I'm not sure if my approach to this question is correct. I also don't understand why I'm getting inconsistent results from my own working.
Question
Working
Part 1:
The time that the block moves is the moment where the push force overpowers the force due to friction
Then we have
$$ F_{push} = F_{friction} $$
Our values are
$$ F_p = 3t, F_f = \mu_s m g = \mu_s g = 10(0.6) = 6 $$
From this we have that the block will move at the moment
$$ 3t = 6 $$
Solving for $t$ gives
$$ t = \frac{6}{3} = 2 $$
Then for the first part we have that the block starts to move at time $t = 2$ seconds.
Part 2 (using Newtons Second):
We want to know the speed of the block at $t = 5$ seconds.

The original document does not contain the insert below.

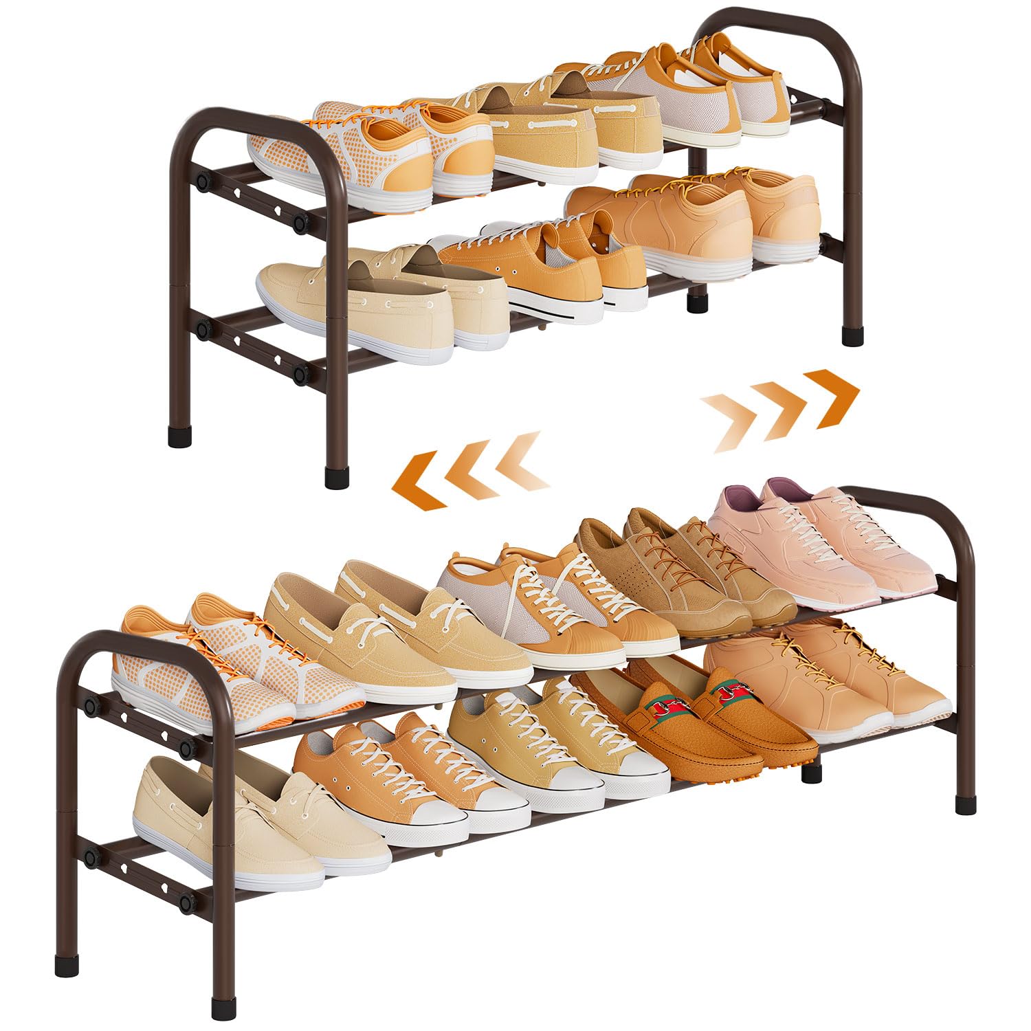 Zapatero – Organizador de zapatos expandible para armario, estante de metal ajustable, 2 niveles apilable largo soporte para zapat

From part 1 we know that the block doesn't start to move until time $ t = 2$ seconds.
From newtons second law we have
$$ F = ma $$
Where $F$ is the net force. This net force will be $F_n = F_p - F_f$ (push - friction).
$$ F_p = 3t $$
$$ F_f = \mu_k m g = \mu_k g = 0.55(10) = 5.5 $$
Then we have
$$ F_n = 3t - 5.5 = ma = a $$
So this is our acceleration function, integration of this gives us velocity as
$$ v = \frac{3}{2}t^2 - 5.5t $$
The constant of integration is dropped as initial velocity is zero.

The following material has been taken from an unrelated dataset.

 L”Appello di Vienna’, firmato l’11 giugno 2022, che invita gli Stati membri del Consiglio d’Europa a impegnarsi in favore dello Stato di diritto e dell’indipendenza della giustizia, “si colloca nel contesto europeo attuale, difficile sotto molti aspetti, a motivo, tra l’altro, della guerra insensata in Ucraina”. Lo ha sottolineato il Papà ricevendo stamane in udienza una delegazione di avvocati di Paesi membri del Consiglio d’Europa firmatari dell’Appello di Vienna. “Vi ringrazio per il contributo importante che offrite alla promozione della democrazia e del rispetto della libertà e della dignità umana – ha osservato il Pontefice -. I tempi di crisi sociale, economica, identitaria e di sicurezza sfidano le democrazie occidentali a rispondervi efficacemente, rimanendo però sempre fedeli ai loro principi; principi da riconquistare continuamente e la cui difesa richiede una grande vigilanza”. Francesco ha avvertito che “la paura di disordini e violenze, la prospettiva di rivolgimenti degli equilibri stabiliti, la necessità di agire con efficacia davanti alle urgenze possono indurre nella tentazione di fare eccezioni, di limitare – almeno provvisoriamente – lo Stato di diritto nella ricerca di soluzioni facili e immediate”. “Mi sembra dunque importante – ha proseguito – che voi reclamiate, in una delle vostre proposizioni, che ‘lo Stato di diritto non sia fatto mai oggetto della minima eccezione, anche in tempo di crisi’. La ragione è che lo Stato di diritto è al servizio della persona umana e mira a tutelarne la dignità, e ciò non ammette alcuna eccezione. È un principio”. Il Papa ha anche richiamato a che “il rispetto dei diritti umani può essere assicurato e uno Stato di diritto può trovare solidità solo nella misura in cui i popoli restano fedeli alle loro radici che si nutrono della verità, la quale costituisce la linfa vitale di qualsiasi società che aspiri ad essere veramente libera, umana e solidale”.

Therefore at time $t = 5$ seconds we have speed
$$ v = \frac{3}{2}(5^2) - 5.5(5) = 10 $$
this shows that the speed is 10 m/s at time $ t = 5$ seconds
Part 2 (using conservation of momentum):
Conservation of momentum states that
$$ p_{init} = p_{final} $$
We also have Impulse as
$$ I = F \Delta t $$
Here $\Delta t = 3$ as we're moving from $t = 2$ to $t = 5$ seconds. We also have the net force as before, which is $F = ma = a = 3t - 5.5$
Which puts Impulse as
$$ I = (3t - 5.5) \times 3 = 9t - 16.5 $$
Using $I = \Delta p$ where $\Delta p = m(v_f - v_0)$, note that as $m = 1$ we have $\Delta p = (v_f - v_0)$, and here $v_0 = 0$, so we just have $\Delta p = v_f$.
Using this gives
$$ I = 9t - 16.5 = v_f $$
Inputting $t = 5$ gives
$$ v_f = 45 - 16.5 = 28.5 $$
So
So for part 1 I got $t = 2$ seconds
For Part 2 (using Newtons) I got $v = 10$
For Part 2 (using momentum) I got $v = 28.5$
So clearly something here is wrong as I have inconsistent results, I'm not sure what though.